*** Input data Section Begins ***

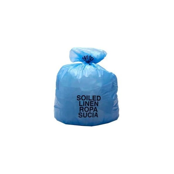 HIGH DENSITY BLUE SOILED LINEN LINER, 14 MICRONS, 31" X 41", PKG QTY 250 THE STAR-SEAL BOTTOM CONSTRUCTION OF THIS BAG MAKES THE LINER STRONG AND SECURE. "SOILED LINEN" IS PRINTED IN BOTH ENGLISH AND SPANISH. THIS BAG IS COMMONLY USED BY THE HOUSEKEEPING STAFF.
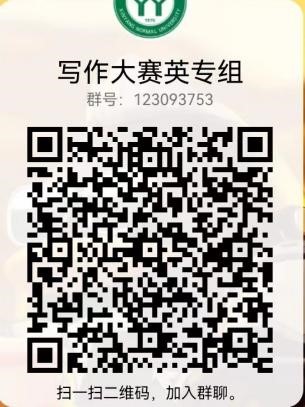 此次写作比赛工作QQ群:请报名参赛的同学务必加入QQ群(英语专业群号123093753,非英语专业群号675409701),关注群内的比赛通知。
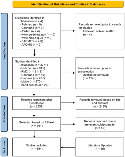 Initially, a search for national and international guidelines was conducted within the databases PubMed and Cochrane, the AWMF database, www.guideline.gov (accessed on 15 February 2022), www.nice.org.uk (accessed on 15 February 2022) and the websites of the European (EACMFS: European Association of Cranio-Maxillo-Facial Surgery, https://www.eacmfs.org/, accessed on 15 February 2022) and American (AAOMS: American Association of Oral and Maxillofacial Surgeons, https://www.aaoms.org/, accessed on 15 February 2022) specialist medical societies for oral and maxillofacial surgery (OMFS). This was followed by a search for individual publications in PubMed, PubMed Central (PMC), Embase, Cochrane Library und Livivo databases (PRISMA item 6). Titles and abstracts of potentially eligible records were reviewed and assessed by two medical experts independently (C.S. and T.E.). Duplicates and studies not fulfilling the inclusion criteria or fulfilling the exclusion criteria were removed. A further selection was made by removing publications with non-suitable target populations based on a full text analysis. Additional sources were included in the guideline after an additional manual search and following a literature update (Figure 1) (PRISMA items 7, 8 and 9).
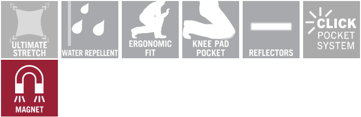 Extrémne elastická látka, ktorá je ľahká a veľmi odolná. Má vode odpudivý povrch. Pripravené na zavesenie vreciek pomocou Click Pocket Systém. Dvojité a trojité švy na nohách a v rozkroku. Ergonomicky tvarované nohavice. Pútka na opasok. Skrytý popruh na náradie. Predné vrecká. Zadné vrecká, jedno s chlopňou. Vrecko na pravítko vystužené látkou CORDURA® s malým vnútorným vreckom. Gombík (odnímateľný) na pripevnenie držiaka na nôž. Vrecko na stehne s vreckom na telefón s magnetickým zapínaním a integrovaným držiakom na doklad totožnosti. Odnímateľný držiak dokladu. Vrecká s chlopňou na prednej strane stehien. Nastaviteľné a vetrané podkolenné vrecká vyrobené z mimoriadne odolného materiálu CORDURA®. Jednoduché, individuálne nastavenie výšky kolenných vreciek. Nastaviteľné s patentkami na nohách. Reflexné prvky.
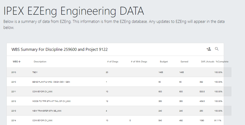 It is in this view that we can see detailed metrics per WBS/Discipline pair.
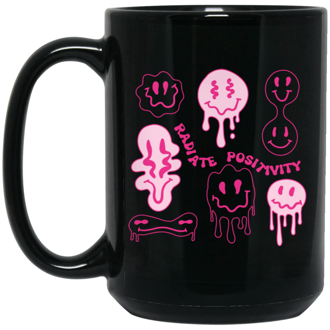 Radiate Positivity, Groovy Smile Face, Radiate Positivity Energy Black Mug
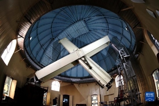 2月24日拍攝的上海佘山天文臺“鎮(zhèn)臺之寶”——40厘米雙筒折射望遠鏡。
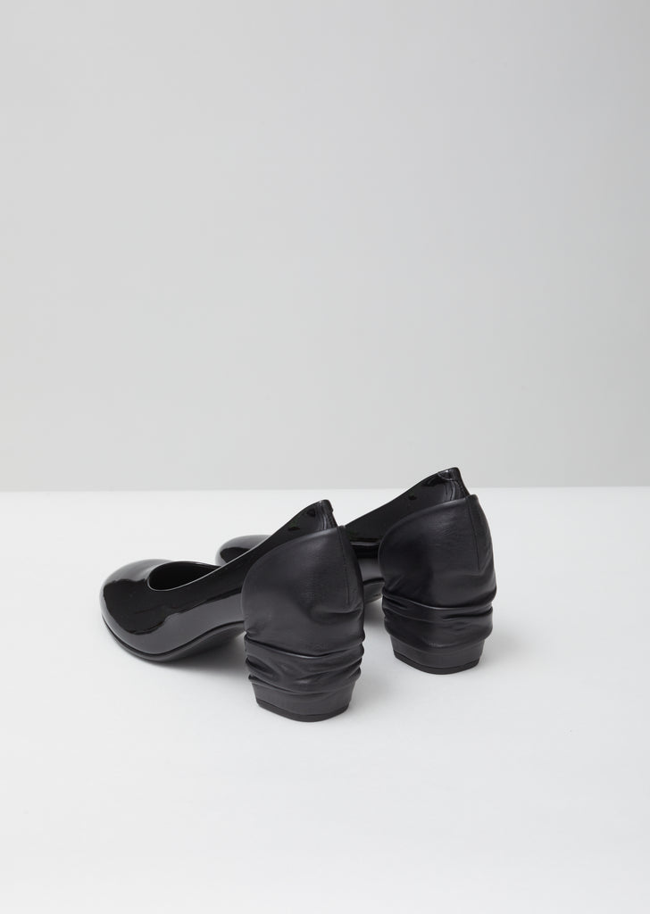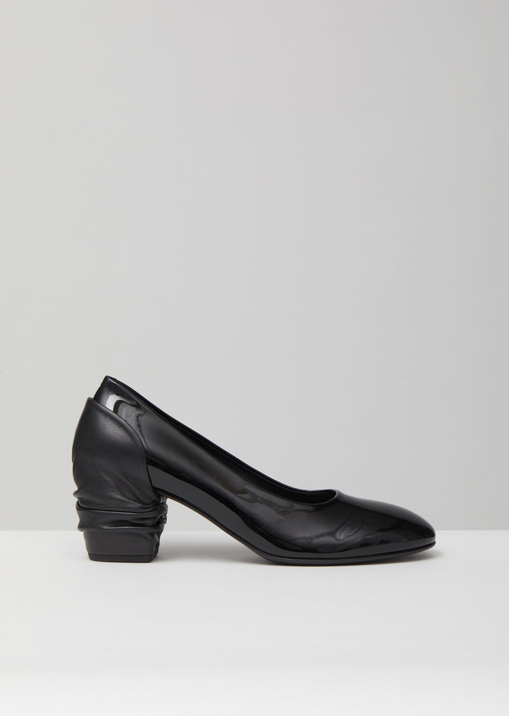 Comme des Garçons Patent Leather Heels in black. From the runway collection, these classic pumps with a retro look features a block heel wrapped in tonal ruched grained leather.
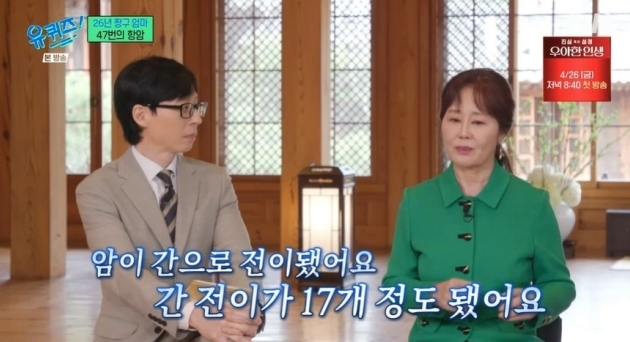 그런가하면, 현재 강희선의 상태는 어떨까. 강희선은 "지금은 추적 관찰중이다. 얼마전에 갔더니 깨끗했다"고 밝혔다. 그녀는 항암치료를 통해서 암세포 크기를 줄이고 전이 병변 17개, 간 65%를 제거하는 수술을 한 뒤 회복, 마침내 완치 판정을 받았다.
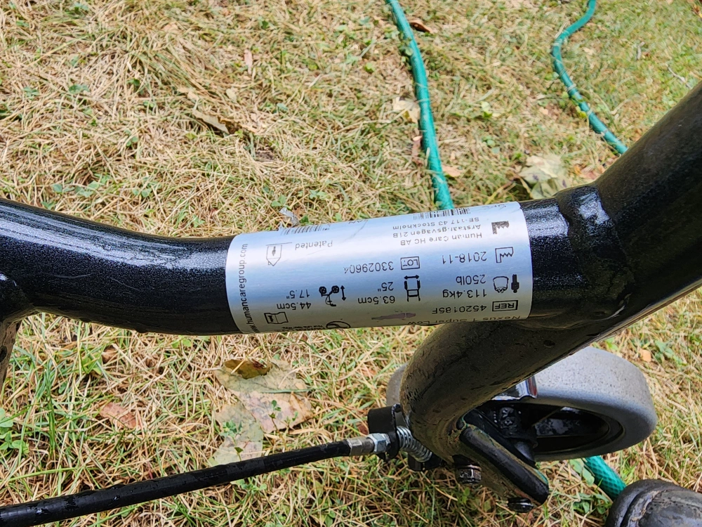 Here's a Humanacare rollator walker in good condition. It can support up to 250 lb. It measures 25 inches in length and 17.5 inches in width. Manufactured in 2018 November.

*** Input data Section Ends ***

The problem: What this calls for is a word-for-word copy of the listing above, pictures excluded.

Written answer:
 HIGH DENSITY BLUE SOILED LINEN LINER, 14 MICRONS, 31" X 41", PKG QTY 250 THE STAR-SEAL BOTTOM CONSTRUCTION OF THIS BAG MAKES THE LINER STRONG AND SECURE. "SOILED LINEN" IS PRINTED IN BOTH ENGLISH AND SPANISH. THIS BAG IS COMMONLY USED BY THE HOUSEKEEPING STAFF.
 此次写作比赛工作QQ群:请报名参赛的同学务必加入QQ群(英语专业群号123093753,非英语专业群号675409701),关注群内的比赛通知。
 Initially, a search for national and international guidelines was conducted within the databases PubMed and Cochrane, the AWMF database, www.guideline.gov (accessed on 15 February 2022), www.nice.org.uk (accessed on 15 February 2022) and the websites of the European (EACMFS: European Association of Cranio-Maxillo-Facial Surgery, https://www.eacmfs.org/, accessed on 15 February 2022) and American (AAOMS: American Association of Oral and Maxillofacial Surgeons, https://www.aaoms.org/, accessed on 15 February 2022) specialist medical societies for oral and maxillofacial surgery (OMFS). This was followed by a search for individual publications in PubMed, PubMed Central (PMC), Embase, Cochrane Library und Livivo databases (PRISMA item 6). Titles and abstracts of potentially eligible records were reviewed and assessed by two medical experts independently (C.S. and T.E.). Duplicates and studies not fulfilling the inclusion criteria or fulfilling the exclusion criteria were removed. A further selection was made by removing publications with non-suitable target populations based on a full text analysis. Additional sources were included in the guideline after an additional manual search and following a literature update (Figure 1) (PRISMA items 7, 8 and 9).
 Extrémne elastická látka, ktorá je ľahká a veľmi odolná. Má vode odpudivý povrch. Pripravené na zavesenie vreciek pomocou Click Pocket Systém. Dvojité a trojité švy na nohách a v rozkroku. Ergonomicky tvarované nohavice. Pútka na opasok. Skrytý popruh na náradie. Predné vrecká. Zadné vrecká, jedno s chlopňou. Vrecko na pravítko vystužené látkou CORDURA® s malým vnútorným vreckom. Gombík (odnímateľný) na pripevnenie držiaka na nôž. Vrecko na stehne s vreckom na telefón s magnetickým zapínaním a integrovaným držiakom na doklad totožnosti. Odnímateľný držiak dokladu. Vrecká s chlopňou na prednej strane stehien. Nastaviteľné a vetrané podkolenné vrecká vyrobené z mimoriadne odolného materiálu CORDURA®. Jednoduché, individuálne nastavenie výšky kolenných vreciek. Nastaviteľné s patentkami na nohách. Reflexné prvky.
 It is in this view that we can see detailed metrics per WBS/Discipline pair.
 Radiate Positivity, Groovy Smile Face, Radiate Positivity Energy Black Mug
 2月24日拍攝的上海佘山天文臺“鎮(zhèn)臺之寶”——40厘米雙筒折射望遠鏡。
 Comme des Garçons Patent Leather Heels in black. From the runway collection, these classic pumps with a retro look features a block heel wrapped in tonal ruched grained leather.
 그런가하면, 현재 강희선의 상태는 어떨까. 강희선은 "지금은 추적 관찰중이다. 얼마전에 갔더니 깨끗했다"고 밝혔다. 그녀는 항암치료를 통해서 암세포 크기를 줄이고 전이 병변 17개, 간 65%를 제거하는 수술을 한 뒤 회복, 마침내 완치 판정을 받았다.
 Here's a Humanacare rollator walker in good condition. It can support up to 250 lb. It measures 25 inches in length and 17.5 inches in width. Manufactured in 2018 November.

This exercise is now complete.